I dati che descrivono lo stato di salute della Pubblica amministrazione dimostrano, ancor di più in questa lunga fase di emergenza pandemica, la necessità non più rinviabile di un piano straordinario di nuova occupazione nei servizi pubblici, che garantisca i diritti dei cittadini e dei lavoratori. Da tempo sosteniamo, attraverso la nostra campagna ‘Assunzioni Subito’, che l’emorragia di dipendenti pubblici nel nostro paese è tale da far cadere progressivamente a pezzi l’intero sistema pubblico. Una tendenza che si aggrava ogni anno e che va invertita assicurando l’inserimento stabile nelle pubbliche amministrazioni di almeno 500 mila persone nei prossimi tre anni, per poter garantire un’adeguata offerta di servizi ai cittadini.
La Pubblica amministrazione, infatti, come dimostrano i dati del Conto annuale dello Stato, così come rielaborati da FPA, potrebbe già nel corso di questo anno avere più pensionati che dipendenti, per effetto del continuo calo del personale e un equilibrio fra ingressi e uscite che, nonostante lo sblocco del turnover, non è ancora stato raggiunto. A fronte di 3,2 milioni di impiegati pubblici italiani (in termini assoluti il 59% di quelli francesi, il 65% di quelli inglese, il 70% di quelli tedeschi) i pensionati pubblici sono già 3 milioni.

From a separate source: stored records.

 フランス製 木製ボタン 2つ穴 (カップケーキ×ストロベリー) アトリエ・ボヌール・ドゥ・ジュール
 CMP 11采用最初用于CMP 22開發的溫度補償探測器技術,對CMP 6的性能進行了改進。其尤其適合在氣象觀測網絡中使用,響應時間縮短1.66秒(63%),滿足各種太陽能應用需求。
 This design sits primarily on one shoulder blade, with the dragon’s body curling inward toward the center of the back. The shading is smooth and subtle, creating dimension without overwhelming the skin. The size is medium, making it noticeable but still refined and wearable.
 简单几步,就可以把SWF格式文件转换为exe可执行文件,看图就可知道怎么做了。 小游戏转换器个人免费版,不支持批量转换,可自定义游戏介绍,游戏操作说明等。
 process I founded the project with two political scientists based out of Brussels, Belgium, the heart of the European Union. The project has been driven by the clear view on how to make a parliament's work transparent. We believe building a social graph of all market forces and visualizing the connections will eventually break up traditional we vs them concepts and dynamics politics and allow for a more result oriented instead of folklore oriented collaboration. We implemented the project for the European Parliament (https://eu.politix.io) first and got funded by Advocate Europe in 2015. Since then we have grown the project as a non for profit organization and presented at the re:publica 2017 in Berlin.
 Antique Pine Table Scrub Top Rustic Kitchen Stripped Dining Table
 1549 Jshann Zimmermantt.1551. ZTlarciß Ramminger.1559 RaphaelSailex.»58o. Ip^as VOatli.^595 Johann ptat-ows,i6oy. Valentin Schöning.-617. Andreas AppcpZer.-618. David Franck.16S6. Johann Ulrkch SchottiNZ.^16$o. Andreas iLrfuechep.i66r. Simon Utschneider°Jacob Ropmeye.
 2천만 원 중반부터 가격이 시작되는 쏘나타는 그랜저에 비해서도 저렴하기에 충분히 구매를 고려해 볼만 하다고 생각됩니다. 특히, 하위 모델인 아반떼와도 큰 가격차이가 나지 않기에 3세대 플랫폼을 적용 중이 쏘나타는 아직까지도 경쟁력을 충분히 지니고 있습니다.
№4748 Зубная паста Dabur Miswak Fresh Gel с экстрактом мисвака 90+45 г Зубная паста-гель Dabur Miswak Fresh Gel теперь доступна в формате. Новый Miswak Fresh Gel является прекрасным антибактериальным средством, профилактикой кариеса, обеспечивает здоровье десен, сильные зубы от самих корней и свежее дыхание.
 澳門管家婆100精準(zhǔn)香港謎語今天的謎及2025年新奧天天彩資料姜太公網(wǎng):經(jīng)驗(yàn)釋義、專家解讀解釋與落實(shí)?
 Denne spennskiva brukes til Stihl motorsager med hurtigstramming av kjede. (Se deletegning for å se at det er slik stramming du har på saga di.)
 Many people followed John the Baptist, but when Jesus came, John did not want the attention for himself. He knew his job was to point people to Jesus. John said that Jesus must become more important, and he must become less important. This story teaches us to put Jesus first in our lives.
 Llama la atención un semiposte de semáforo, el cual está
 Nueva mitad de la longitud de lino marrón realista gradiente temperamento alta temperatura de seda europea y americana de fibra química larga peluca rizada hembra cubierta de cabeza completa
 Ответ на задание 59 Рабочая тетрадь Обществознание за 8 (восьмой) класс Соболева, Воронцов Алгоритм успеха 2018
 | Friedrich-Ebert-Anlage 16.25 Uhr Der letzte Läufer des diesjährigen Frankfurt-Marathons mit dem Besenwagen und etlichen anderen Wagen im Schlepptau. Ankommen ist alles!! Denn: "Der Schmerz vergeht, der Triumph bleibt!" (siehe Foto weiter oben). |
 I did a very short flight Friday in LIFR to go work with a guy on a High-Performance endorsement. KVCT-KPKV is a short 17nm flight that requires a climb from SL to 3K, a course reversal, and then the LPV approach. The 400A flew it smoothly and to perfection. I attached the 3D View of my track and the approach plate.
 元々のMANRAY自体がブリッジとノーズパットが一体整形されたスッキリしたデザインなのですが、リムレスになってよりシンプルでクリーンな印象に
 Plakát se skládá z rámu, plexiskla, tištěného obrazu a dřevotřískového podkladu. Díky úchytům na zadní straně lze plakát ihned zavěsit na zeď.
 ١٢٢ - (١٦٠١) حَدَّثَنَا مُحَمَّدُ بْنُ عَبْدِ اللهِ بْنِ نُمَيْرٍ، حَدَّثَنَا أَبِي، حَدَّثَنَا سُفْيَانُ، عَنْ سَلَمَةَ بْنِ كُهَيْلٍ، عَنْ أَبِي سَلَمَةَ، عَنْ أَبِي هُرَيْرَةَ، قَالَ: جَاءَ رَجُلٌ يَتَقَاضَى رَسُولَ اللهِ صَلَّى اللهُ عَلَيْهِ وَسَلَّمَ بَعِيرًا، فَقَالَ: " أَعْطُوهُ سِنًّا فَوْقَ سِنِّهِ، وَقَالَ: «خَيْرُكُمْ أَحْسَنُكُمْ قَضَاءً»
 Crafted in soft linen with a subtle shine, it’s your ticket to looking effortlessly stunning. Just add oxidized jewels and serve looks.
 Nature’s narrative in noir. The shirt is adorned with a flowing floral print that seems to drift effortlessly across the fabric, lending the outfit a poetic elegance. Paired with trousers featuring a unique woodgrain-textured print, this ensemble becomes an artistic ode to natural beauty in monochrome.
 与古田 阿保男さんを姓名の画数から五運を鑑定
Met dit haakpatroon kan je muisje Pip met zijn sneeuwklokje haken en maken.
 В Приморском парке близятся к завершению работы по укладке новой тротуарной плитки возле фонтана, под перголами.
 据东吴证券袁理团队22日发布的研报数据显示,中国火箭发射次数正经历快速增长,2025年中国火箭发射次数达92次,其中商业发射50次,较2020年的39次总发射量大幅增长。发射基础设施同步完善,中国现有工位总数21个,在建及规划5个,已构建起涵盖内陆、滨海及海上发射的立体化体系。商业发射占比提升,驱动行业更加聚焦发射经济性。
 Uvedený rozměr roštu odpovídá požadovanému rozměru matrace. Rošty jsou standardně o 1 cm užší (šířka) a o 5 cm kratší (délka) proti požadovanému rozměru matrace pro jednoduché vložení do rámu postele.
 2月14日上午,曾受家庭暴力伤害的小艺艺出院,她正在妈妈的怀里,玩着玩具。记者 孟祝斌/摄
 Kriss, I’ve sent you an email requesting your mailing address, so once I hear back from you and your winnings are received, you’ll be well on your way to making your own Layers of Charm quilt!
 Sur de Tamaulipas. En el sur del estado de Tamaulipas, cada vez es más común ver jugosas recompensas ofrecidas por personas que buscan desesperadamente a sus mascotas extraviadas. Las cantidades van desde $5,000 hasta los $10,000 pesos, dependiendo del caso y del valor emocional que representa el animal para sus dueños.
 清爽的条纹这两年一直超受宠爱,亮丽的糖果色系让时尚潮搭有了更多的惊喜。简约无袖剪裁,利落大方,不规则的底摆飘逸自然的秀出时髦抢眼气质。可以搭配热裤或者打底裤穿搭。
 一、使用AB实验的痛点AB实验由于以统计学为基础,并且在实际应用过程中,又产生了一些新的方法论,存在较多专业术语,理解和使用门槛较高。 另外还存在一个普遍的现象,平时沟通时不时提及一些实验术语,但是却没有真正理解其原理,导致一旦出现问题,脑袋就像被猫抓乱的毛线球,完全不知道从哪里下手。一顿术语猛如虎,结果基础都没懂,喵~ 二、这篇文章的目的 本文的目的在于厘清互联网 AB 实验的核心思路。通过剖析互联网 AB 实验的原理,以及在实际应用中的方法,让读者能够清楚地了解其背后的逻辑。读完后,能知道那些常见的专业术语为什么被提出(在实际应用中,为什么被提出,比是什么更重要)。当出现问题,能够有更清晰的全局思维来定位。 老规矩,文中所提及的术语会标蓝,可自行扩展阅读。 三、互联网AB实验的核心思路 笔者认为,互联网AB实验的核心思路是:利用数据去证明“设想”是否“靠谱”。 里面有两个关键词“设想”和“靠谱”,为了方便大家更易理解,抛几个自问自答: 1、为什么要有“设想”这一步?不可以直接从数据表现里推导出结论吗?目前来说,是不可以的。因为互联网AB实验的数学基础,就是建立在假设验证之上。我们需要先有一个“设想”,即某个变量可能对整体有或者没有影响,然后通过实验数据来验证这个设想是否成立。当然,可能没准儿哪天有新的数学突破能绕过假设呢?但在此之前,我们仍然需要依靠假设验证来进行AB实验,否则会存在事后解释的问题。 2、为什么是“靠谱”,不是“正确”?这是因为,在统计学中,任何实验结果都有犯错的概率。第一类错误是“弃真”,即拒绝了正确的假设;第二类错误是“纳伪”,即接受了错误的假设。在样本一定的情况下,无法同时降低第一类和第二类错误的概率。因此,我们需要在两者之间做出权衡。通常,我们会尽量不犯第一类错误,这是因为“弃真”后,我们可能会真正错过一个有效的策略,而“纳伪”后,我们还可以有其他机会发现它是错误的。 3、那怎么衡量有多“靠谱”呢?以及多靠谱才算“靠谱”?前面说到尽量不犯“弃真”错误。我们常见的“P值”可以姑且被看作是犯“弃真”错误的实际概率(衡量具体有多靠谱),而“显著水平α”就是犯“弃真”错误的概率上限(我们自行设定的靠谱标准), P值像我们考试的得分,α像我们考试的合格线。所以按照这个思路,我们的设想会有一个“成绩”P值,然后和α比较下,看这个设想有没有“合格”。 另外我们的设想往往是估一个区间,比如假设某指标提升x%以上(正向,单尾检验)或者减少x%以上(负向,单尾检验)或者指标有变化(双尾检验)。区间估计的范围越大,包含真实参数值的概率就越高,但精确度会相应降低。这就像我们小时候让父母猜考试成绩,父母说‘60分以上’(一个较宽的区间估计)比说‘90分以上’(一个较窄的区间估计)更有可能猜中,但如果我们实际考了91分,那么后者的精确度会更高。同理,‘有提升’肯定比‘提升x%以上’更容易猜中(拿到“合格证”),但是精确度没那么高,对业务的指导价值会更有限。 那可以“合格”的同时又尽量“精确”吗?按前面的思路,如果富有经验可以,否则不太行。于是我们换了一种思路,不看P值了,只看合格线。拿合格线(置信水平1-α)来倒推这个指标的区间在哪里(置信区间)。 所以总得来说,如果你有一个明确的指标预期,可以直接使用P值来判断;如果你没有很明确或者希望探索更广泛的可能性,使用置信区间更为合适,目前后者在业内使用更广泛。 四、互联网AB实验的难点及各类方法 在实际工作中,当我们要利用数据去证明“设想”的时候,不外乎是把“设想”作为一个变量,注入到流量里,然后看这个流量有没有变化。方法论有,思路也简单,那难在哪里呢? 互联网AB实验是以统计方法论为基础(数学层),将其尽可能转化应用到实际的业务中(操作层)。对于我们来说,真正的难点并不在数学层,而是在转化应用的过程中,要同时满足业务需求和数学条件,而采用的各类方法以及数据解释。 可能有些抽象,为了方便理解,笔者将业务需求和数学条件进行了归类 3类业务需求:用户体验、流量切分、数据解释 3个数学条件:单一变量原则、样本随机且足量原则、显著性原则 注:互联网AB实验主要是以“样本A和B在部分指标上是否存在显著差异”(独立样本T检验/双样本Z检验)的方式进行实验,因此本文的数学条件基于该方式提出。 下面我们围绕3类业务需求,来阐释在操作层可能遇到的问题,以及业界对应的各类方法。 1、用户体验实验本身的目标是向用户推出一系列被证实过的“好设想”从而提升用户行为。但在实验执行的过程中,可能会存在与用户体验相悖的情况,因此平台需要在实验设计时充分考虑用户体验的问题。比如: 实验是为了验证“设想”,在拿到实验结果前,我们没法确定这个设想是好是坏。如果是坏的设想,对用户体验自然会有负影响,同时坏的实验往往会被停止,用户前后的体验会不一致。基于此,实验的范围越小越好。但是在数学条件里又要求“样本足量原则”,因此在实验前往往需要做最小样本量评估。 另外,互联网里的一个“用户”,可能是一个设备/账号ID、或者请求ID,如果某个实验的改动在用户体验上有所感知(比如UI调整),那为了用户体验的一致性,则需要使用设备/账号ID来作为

Un numero in crescita costante e destinato a salire perché i “pensionabili” oggi sono molti. Da una nostra elaborazione sui dati dell’ultimo Conto annuale disponibile (2018), escluso il comparto Istruzione e Ricerca, le lavoratrici e i lavoratori nella fascia d’età dai 55 agli oltre 68 anni sono più di 600 mila (al netto delle assunzioni Covid e delle stabilizzazioni non contemplate nel Conto annuale 2018). Di questi poco più di 395 mila maturano i requisiti per la pensione nei prossimi due anni, determinando quindi – insieme alla restante parte probabilmente già in congedo – una voragine occupazionale.
Il risultato di questa traiettoria non viene scalfita dalle 112 mila nuove assunzioni registrate dal 2018 a oggi e alla stabilizzazione di 1.700 stabilizzazioni nel solo 2018. C’è sì lo sblocco del turnover, ma le procedure sono lente e la media dei tempi tra emersione del bisogno e effettiva assunzione dei vincitori dei concorsi è di oltre 4 anni. E così, con in più il blocco imposto dal Covid-19, da settembre del 2019 ad oggi sono state messe a concorso meno di 22 mila posizioni lavorative: di questo passo ci vorrebbero oltre dieci anni a recuperare i posti persi.
Per riflettere sull’esigenza di invertire il trend che vede una Pa sempre più anziana – in cui l’età media del personale è di 50,7 anni, con il 16,9% di dipendenti over 60 e appena il 2,9% under 30 – con la Rivista giuridica del Lavoro e della Previdenza sociale abbiamo promosso per venerdì 5 marzo un convegno online (sulle pagine Facebook della Fp Cgil e di Collettiva) dietro le parole ‘Rinnovamento delle Pa e nuovo reclutamento’ per discutere, con il contributo di autorevoli esperti, di nuove assunzioni e diverse procedure, ma anche di rilancio della formazione. I dati, su questo punto, dimostrano che gli investimenti in formazione, necessari per aggiornare competenze e conoscenze, si sono quasi dimezzati in dieci anni, passando dai 262 milioni di euro del 2008 ai 154 milioni del 2018: 48 euro per dipendente, che consentono di offrire in media un solo giorno di formazione l’anno a persona.
Da tempo lo denunciamo, ma ora siamo alle soglie di un punto di non ritorno. Senza un piano straordinario di nuove assunzioni stabili, senza porre un freno al precariato cresciuto anche nel corso di questo anno per effetto della pandemia, il perimetro di intervento dei servizi pubblici continuerà ad arretrare, ci saranno meno servizi per i cittadini e il sistema finirà al collasso, a vantaggio delle privatizzazione dell’aumento delle disuguaglianze. Da qui la nostra rivendicazione, per tutte e tutti: un piano straordinario di nuova occupazione nei servizi pubblici che garantisca i diritti dei cittadini e dei lavoratori.